*** Begin section ***

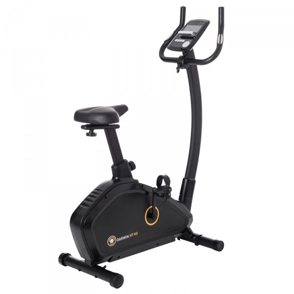 De Darwin Hometrainer HT40 | Fiets Ergometer is een stijlvol beginnersmodel met een goede prijs-kwaliteitverhouding. Je kan er vrijwel meteen mee gaan trainen omdat de hometrainer al grotendeels is gemonteerd. De resterende montage kan worden gedaan in slechts vier eenvoudige stappen. De hometrainer beschikt over 32 weerstandsniveaus en 19 trainingsprogramma’s, waaronder fitness-tests, die je regelmatig kunt doen om je trainingsniveau,- en voortgang te meten. Daarnaast zijn er 12 voorgeïnstalleerde trainingsprogramma’s, zoals een Fartlek-training of een heuveltraining. Je kan je training ook via wattage aansturen. Met 4 hartslaggestuurde programma’s kan je in de gewenste zones trainen. Je hartslag kan je tijdens de training meten met de handsensoren op de hometrainer of een optioneel verkrijgbare borstband. Wil je je kracht en uithoudingsvermogen verbeteren, stel dan de weerstand zo in dat je op 90% van je maximale hartslag traint. De HT40 Hometrainer beschikt tevens over 4 gebruikersprofielen. Elke gebruiker heeft de mogelijkheid een individueel programma samen te stellen en op te slaan. Als je je gegevens opslaat worden de berekeningen, zoals calorieverbruik, nog nauwkeuriger
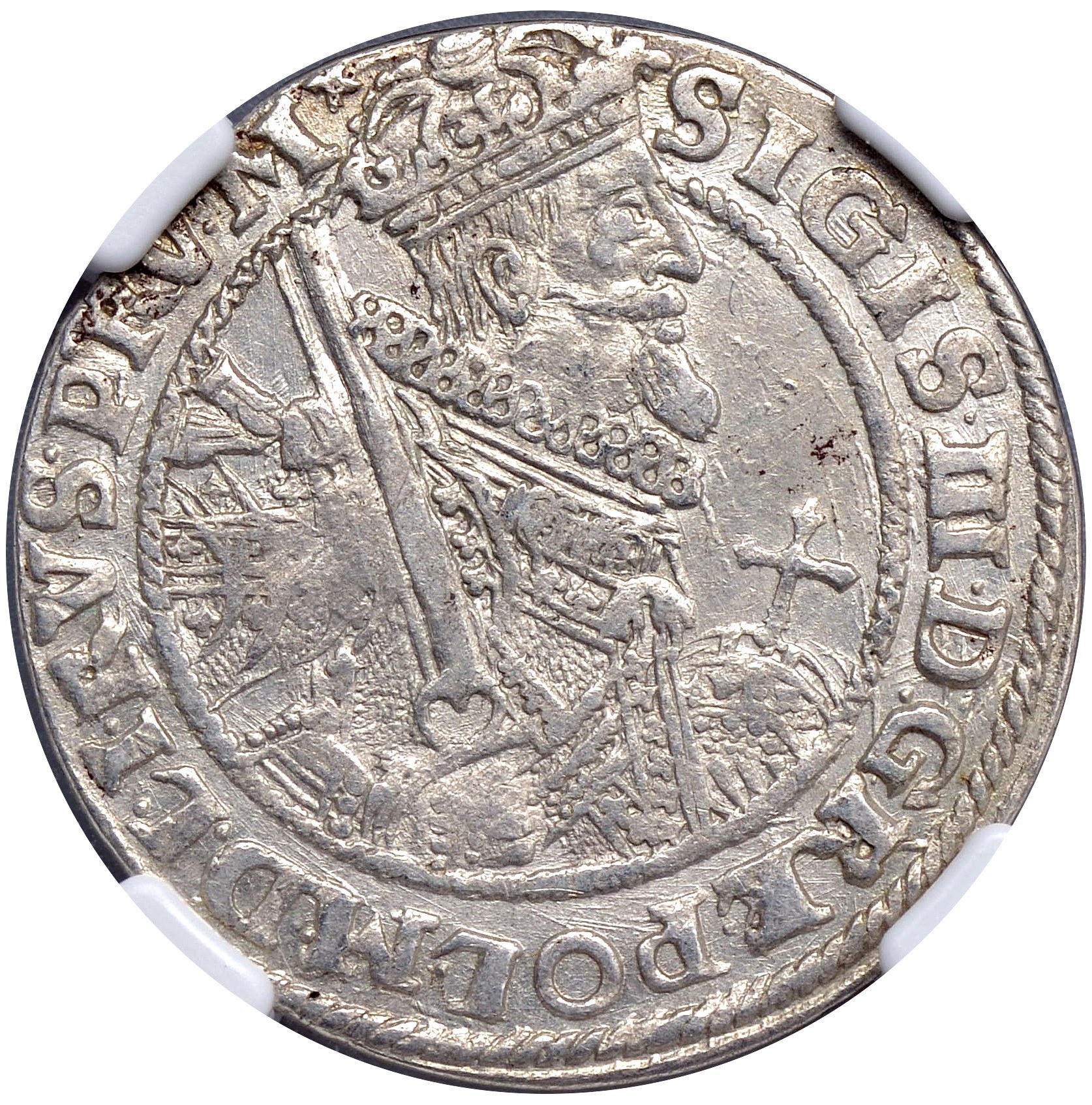 Popiersie króla w dużej koronie, z naramiennikiem w małe kwiatki (rzadki wariant) oraz dwiema szarfami, skrzyżowanymi na piersi.
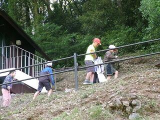 キャンプ村を出発する前にごみを拾ったり布団を運んだりしました。
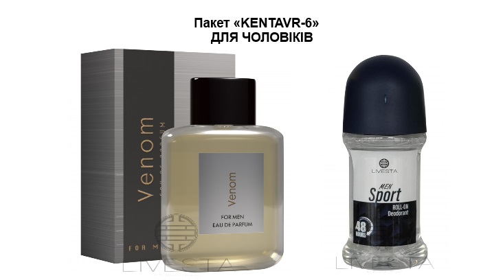Пакет «KENTAVR-6» ДЛЯ ЧОЛОВІКІВ Парфумована вода для чоловіків Venom, 50 мл+Чоловічий роликовий дезодорант Livesta Sport, 50 мл
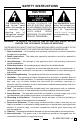 SAFETY INSTRUCTIONS CAUTION RISK OF ELECTRIC SHOCK DO NOT OPEN The lightning flash and arrow head within the triangle is a warning sign alerting you of dangerous voltage inside the product. WARNING: CAUTION: TO REDUCE THE RISK OF ELECTRIC SHOCK, DO NOT REMOVE COVER (OR BACK). NO USER SERVICEABLE PA RTS INSIDE. REFER SERVICING TO QUALIFIED SERVICE PERSONNEL. The exclamation point within the triangle is a warning sign alerting you of important i n s t r u c t i o n s accompanying the product.
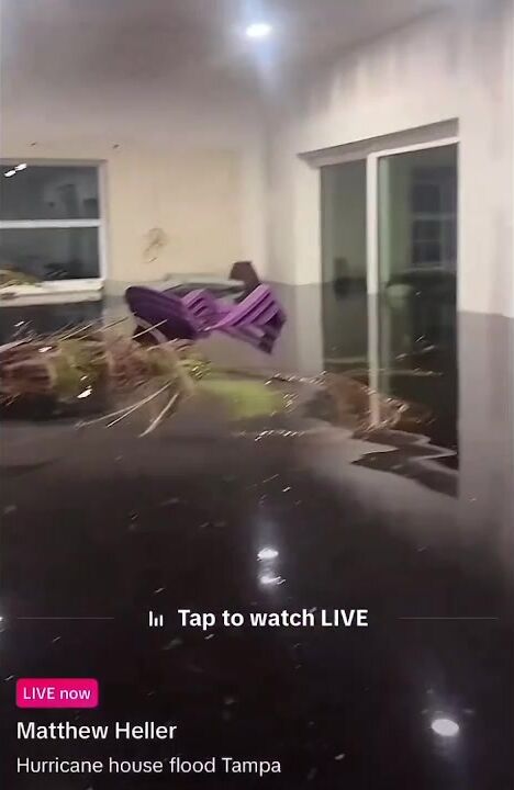 Man in Tampa, FL is broadcasting live from his living room. Shows the aftermath of Hurricane Helene.
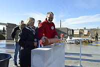 Ausgewählte „Erinnerungsstücke“ wurden von Bad Münstereifels Bürgermeisterin Sabine Preiser-Marian und DRK-Kreisgeschäftsführer Rolf Klöcker einzementiert – Attraktive Einrichtung entsteht auf rund…

*** End section ***

Pictures excluded, output exactly the line that contains "Man in Tampa, FL" and every line after it to the end of the data above.

 Man in Tampa, FL is broadcasting live from his living room. Shows the aftermath of Hurricane Helene.
 Ausgewählte „Erinnerungsstücke“ wurden von Bad Münstereifels Bürgermeisterin Sabine Preiser-Marian und DRK-Kreisgeschäftsführer Rolf Klöcker einzementiert – Attraktive Einrichtung entsteht auf rund…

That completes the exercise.